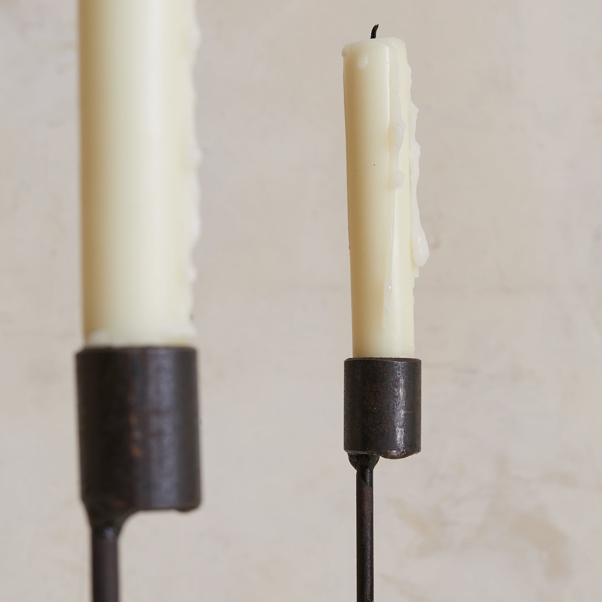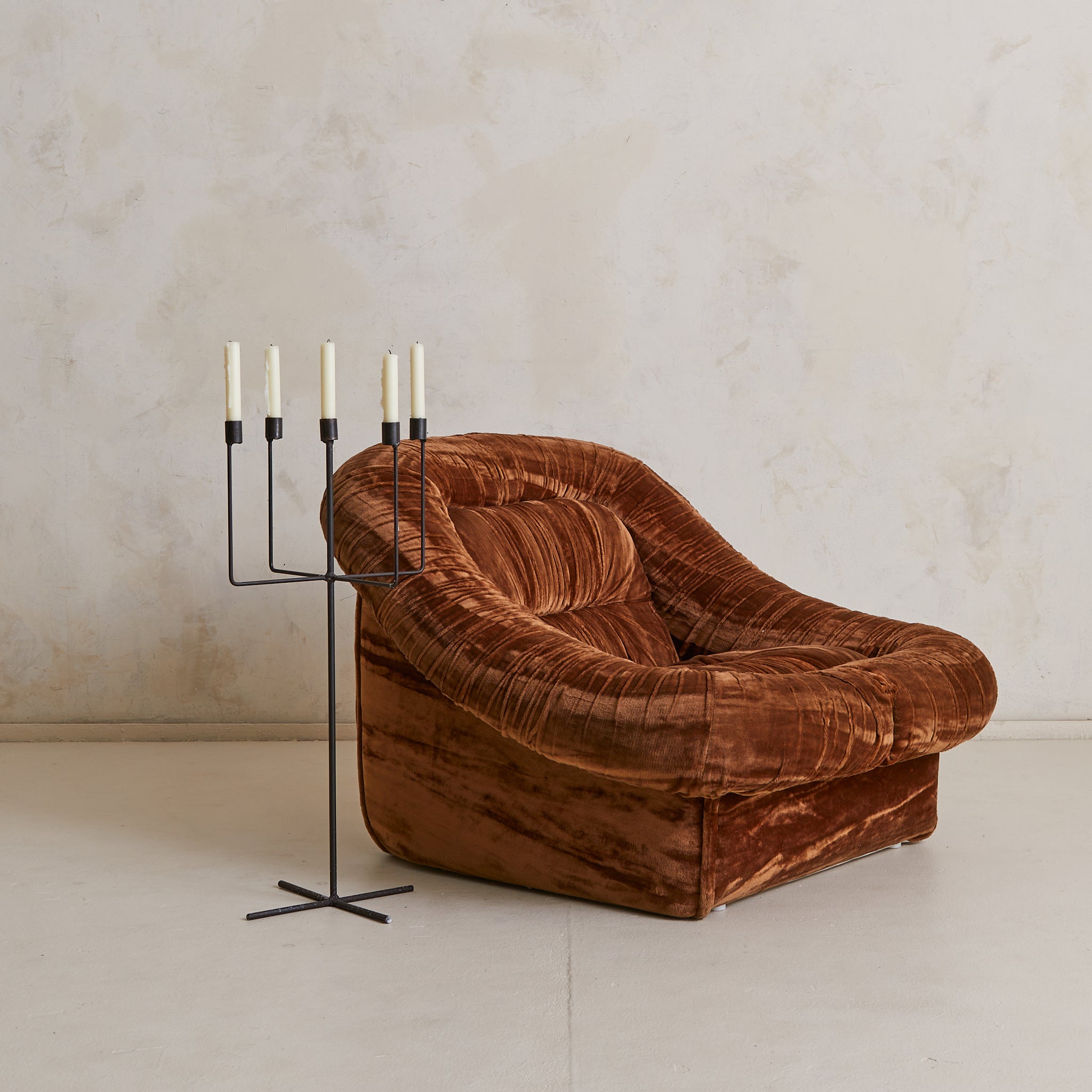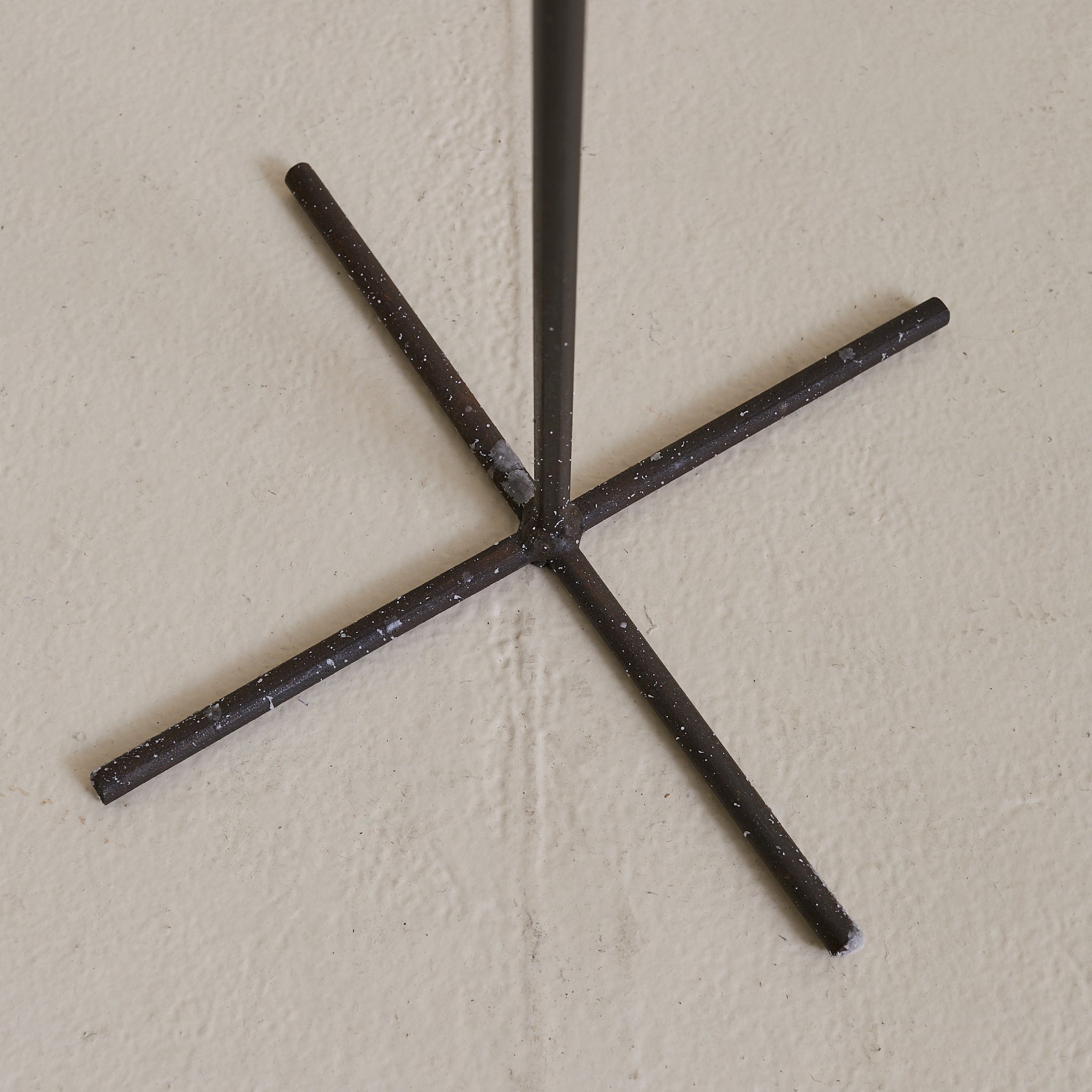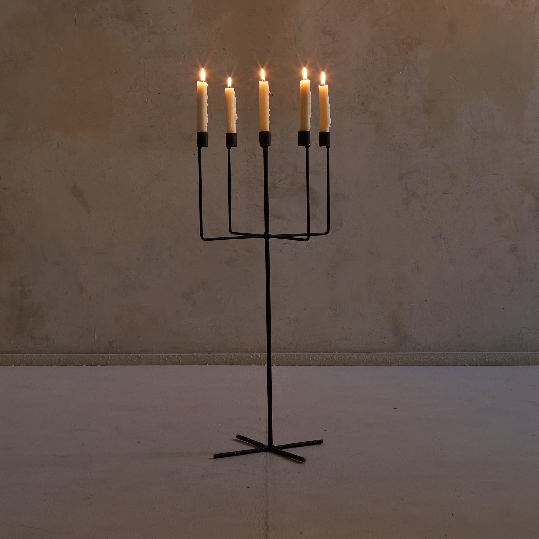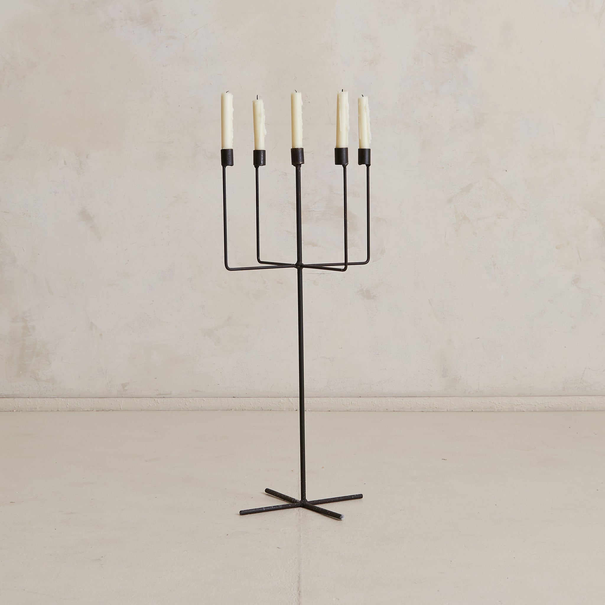 A tall French floor candelabra from the 1960s, constructed in welded iron with a dark, timeworn patina. Five candle cups rise evenly from a minimal armature—linear, upright, almost architectural in composition—anchored by a simple star-shaped base. Graphic and elemental, it reads as sculpture by day and a quiet beacon by night.
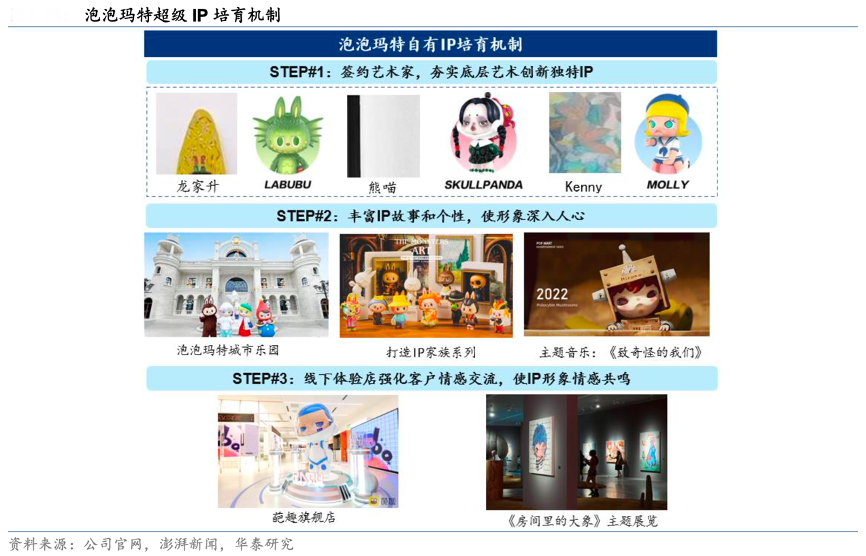 經(jīng)典案例:根據(jù)公司官網(wǎng)、澎湃新聞、華泰研究等綜合資訊表明,泡泡瑪特公司通過簽約知名網(wǎng)絡(luò)藝術(shù)家,夯實藝術(shù) IP 創(chuàng)新 的基礎(chǔ),保證源源不斷的高質(zhì)量 IP 供應(yīng)。同時公司通過推出 IP 家族系列閉環(huán)故事線,打造 IP 人物宇宙吸引消費者,更推出相關(guān)主題音樂、線下城市樂園等活動,使得 IP 形象融入生活深入人心。
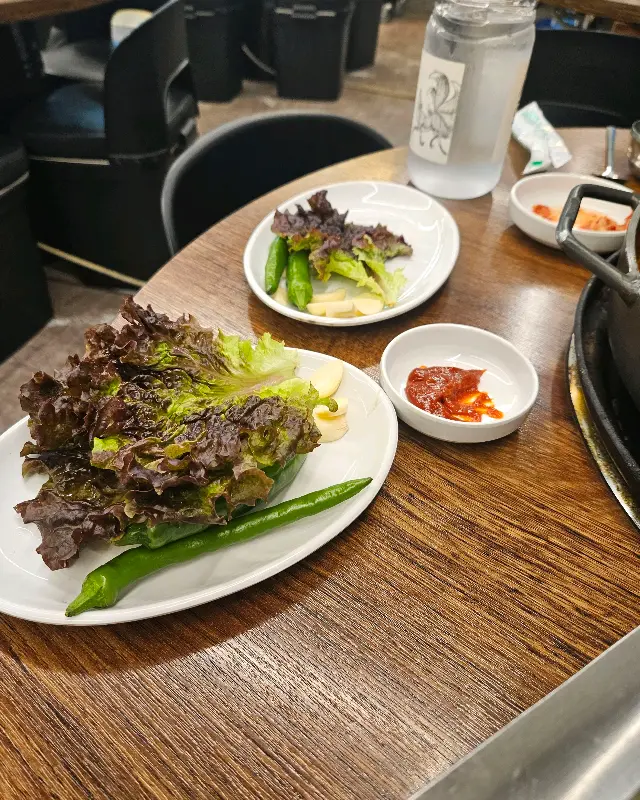 드디어 닭갈비가 완전히 익었다. 닭고기 한 점을 집어 입에 넣으니, 매콤하면서도 달콤한 양념이 입안 가득 퍼졌다. 닭고기는 잡내 없이 부드러웠고, 신선한 채소들은 아삭아삭 씹히는 식감이 좋았다. 특히 깻잎의 향긋한 향이 닭갈비의 풍미를 더욱 끌어올렸다. 쌈 채소에 닭갈비와 마늘, 쌈장을 올려 푸짐하게 쌈을 싸 먹으니, 정말 꿀맛이었다. 상추의 신선함과 닭갈비의 매콤함이 어우러져 입안에서 환상의 조합을 만들어냈다. 쌈을 싸 먹는 동안에도 직원분들은 계속해서 테이블을 살피며 부족한 반찬을 채워주셨다. 특히 상추를 많이 먹는 것을 보시고는, 말없이 상추를 더 가져다주시는 센스에 감동했다.

⁂

*WORK TO BE COMPLETED*
The expected output is the full material above, unaltered, with pictures removed.

*ANSWER TO THE PROBLEM*
 A tall French floor candelabra from the 1960s, constructed in welded iron with a dark, timeworn patina. Five candle cups rise evenly from a minimal armature—linear, upright, almost architectural in composition—anchored by a simple star-shaped base. Graphic and elemental, it reads as sculpture by day and a quiet beacon by night.
 經(jīng)典案例:根據(jù)公司官網(wǎng)、澎湃新聞、華泰研究等綜合資訊表明,泡泡瑪特公司通過簽約知名網(wǎng)絡(luò)藝術(shù)家,夯實藝術(shù) IP 創(chuàng)新 的基礎(chǔ),保證源源不斷的高質(zhì)量 IP 供應(yīng)。同時公司通過推出 IP 家族系列閉環(huán)故事線,打造 IP 人物宇宙吸引消費者,更推出相關(guān)主題音樂、線下城市樂園等活動,使得 IP 形象融入生活深入人心。
 드디어 닭갈비가 완전히 익었다. 닭고기 한 점을 집어 입에 넣으니, 매콤하면서도 달콤한 양념이 입안 가득 퍼졌다. 닭고기는 잡내 없이 부드러웠고, 신선한 채소들은 아삭아삭 씹히는 식감이 좋았다. 특히 깻잎의 향긋한 향이 닭갈비의 풍미를 더욱 끌어올렸다. 쌈 채소에 닭갈비와 마늘, 쌈장을 올려 푸짐하게 쌈을 싸 먹으니, 정말 꿀맛이었다. 상추의 신선함과 닭갈비의 매콤함이 어우러져 입안에서 환상의 조합을 만들어냈다. 쌈을 싸 먹는 동안에도 직원분들은 계속해서 테이블을 살피며 부족한 반찬을 채워주셨다. 특히 상추를 많이 먹는 것을 보시고는, 말없이 상추를 더 가져다주시는 센스에 감동했다.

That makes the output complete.